→ Data for review:
=-=-=-=-=
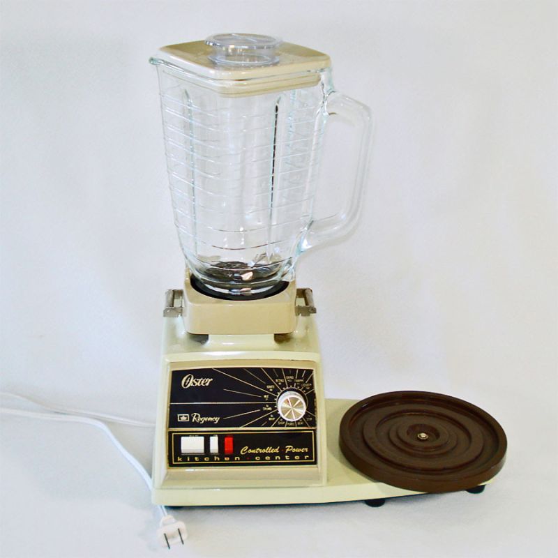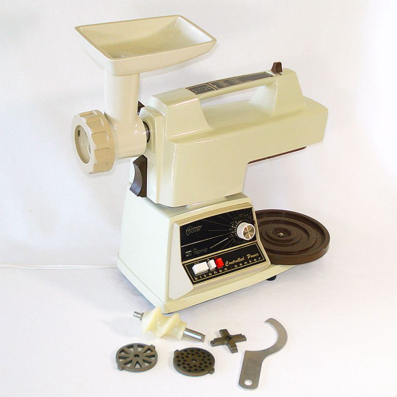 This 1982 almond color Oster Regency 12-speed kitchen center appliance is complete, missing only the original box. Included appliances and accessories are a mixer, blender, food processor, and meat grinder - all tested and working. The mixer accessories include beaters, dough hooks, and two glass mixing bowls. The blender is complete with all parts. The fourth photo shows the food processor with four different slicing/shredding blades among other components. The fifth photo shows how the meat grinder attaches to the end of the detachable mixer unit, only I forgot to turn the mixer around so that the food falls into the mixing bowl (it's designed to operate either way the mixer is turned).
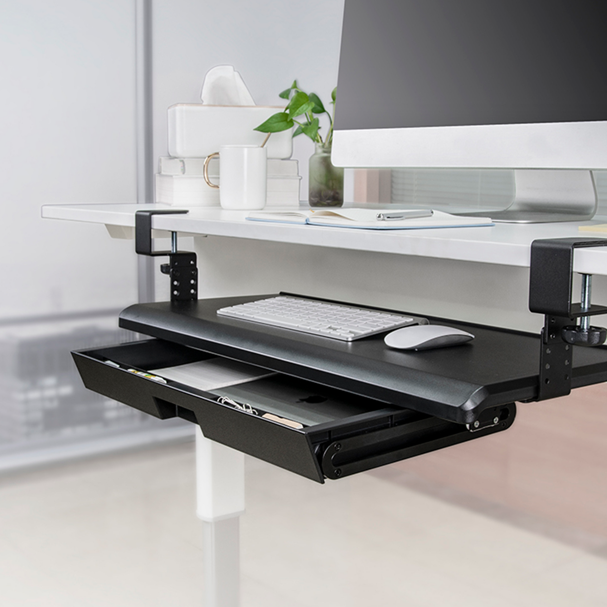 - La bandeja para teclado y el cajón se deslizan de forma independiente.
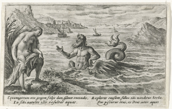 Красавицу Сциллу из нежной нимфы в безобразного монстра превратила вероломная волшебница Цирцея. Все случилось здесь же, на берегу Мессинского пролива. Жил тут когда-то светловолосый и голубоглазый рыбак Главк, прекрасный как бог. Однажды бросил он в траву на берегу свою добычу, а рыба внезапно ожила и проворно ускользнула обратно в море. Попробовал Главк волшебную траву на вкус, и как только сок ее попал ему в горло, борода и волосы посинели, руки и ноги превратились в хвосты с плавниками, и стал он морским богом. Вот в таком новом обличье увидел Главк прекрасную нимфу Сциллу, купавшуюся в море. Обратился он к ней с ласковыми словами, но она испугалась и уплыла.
=-=-=-=-=
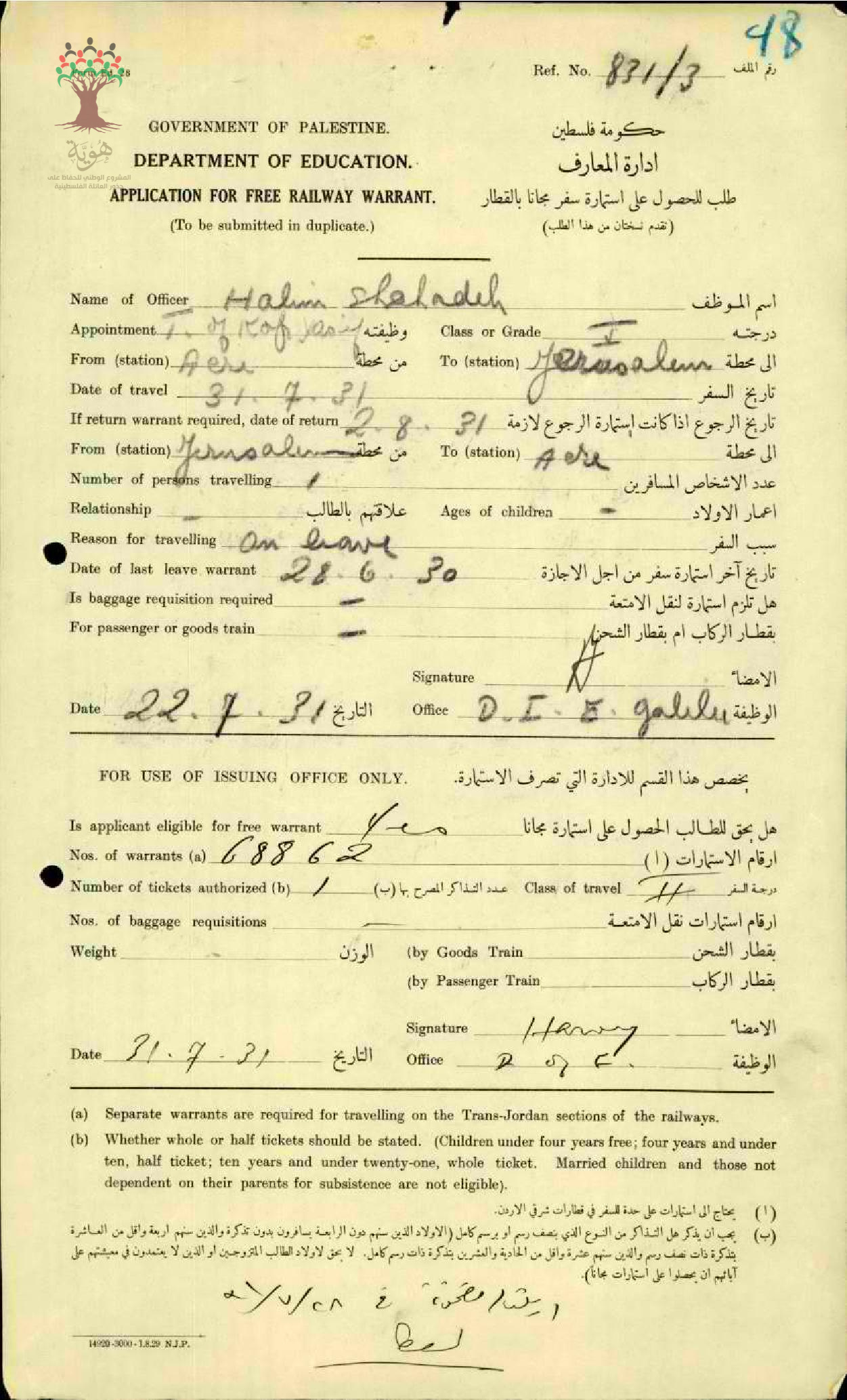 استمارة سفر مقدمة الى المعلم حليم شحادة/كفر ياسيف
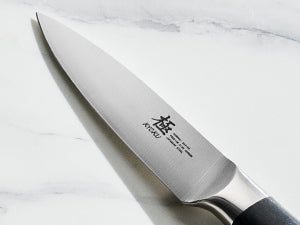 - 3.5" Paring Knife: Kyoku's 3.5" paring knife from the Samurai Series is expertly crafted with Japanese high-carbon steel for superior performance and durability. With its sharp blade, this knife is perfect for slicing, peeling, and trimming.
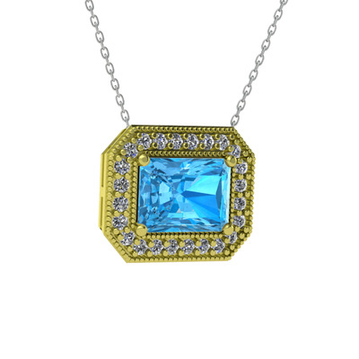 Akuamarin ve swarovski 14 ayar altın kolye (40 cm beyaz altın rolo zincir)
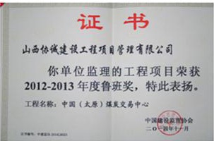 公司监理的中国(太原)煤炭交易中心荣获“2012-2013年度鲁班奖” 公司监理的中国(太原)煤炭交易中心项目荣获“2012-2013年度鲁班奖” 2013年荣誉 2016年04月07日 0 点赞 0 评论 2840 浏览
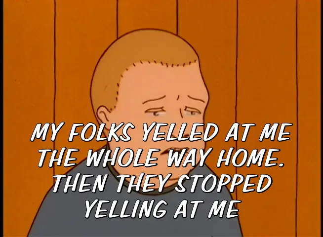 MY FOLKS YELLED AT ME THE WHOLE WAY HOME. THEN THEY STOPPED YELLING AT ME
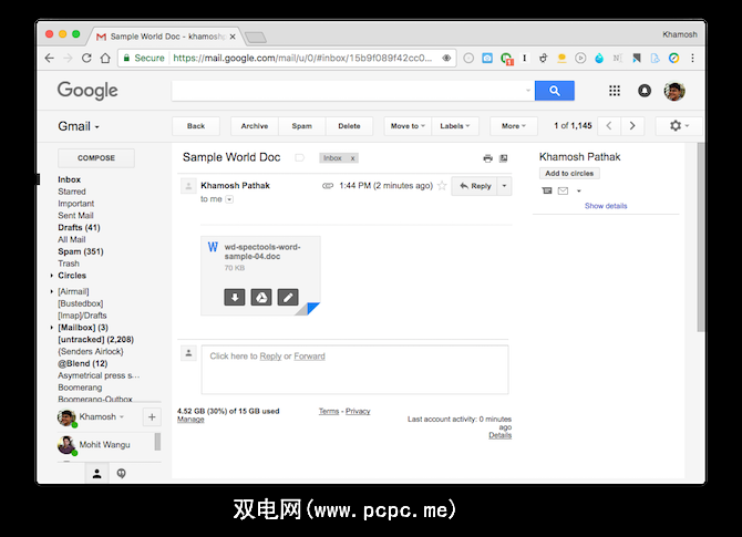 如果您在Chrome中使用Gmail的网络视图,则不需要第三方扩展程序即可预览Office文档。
=-=-=-=-=
→ The task: In the records above, copy exactly everything from the line that has "استمارة سفر مقدمة" down to the line that has "如果您在Chrome中使用G", both ends included, and leave out the pictures.

→ Written solution:
 استمارة سفر مقدمة الى المعلم حليم شحادة/كفر ياسيف
 - 3.5" Paring Knife: Kyoku's 3.5" paring knife from the Samurai Series is expertly crafted with Japanese high-carbon steel for superior performance and durability. With its sharp blade, this knife is perfect for slicing, peeling, and trimming.
 Akuamarin ve swarovski 14 ayar altın kolye (40 cm beyaz altın rolo zincir)
 公司监理的中国(太原)煤炭交易中心荣获“2012-2013年度鲁班奖” 公司监理的中国(太原)煤炭交易中心项目荣获“2012-2013年度鲁班奖” 2013年荣誉 2016年04月07日 0 点赞 0 评论 2840 浏览
 MY FOLKS YELLED AT ME THE WHOLE WAY HOME. THEN THEY STOPPED YELLING AT ME
 如果您在Chrome中使用Gmail的网络视图,则不需要第三方扩展程序即可预览Office文档。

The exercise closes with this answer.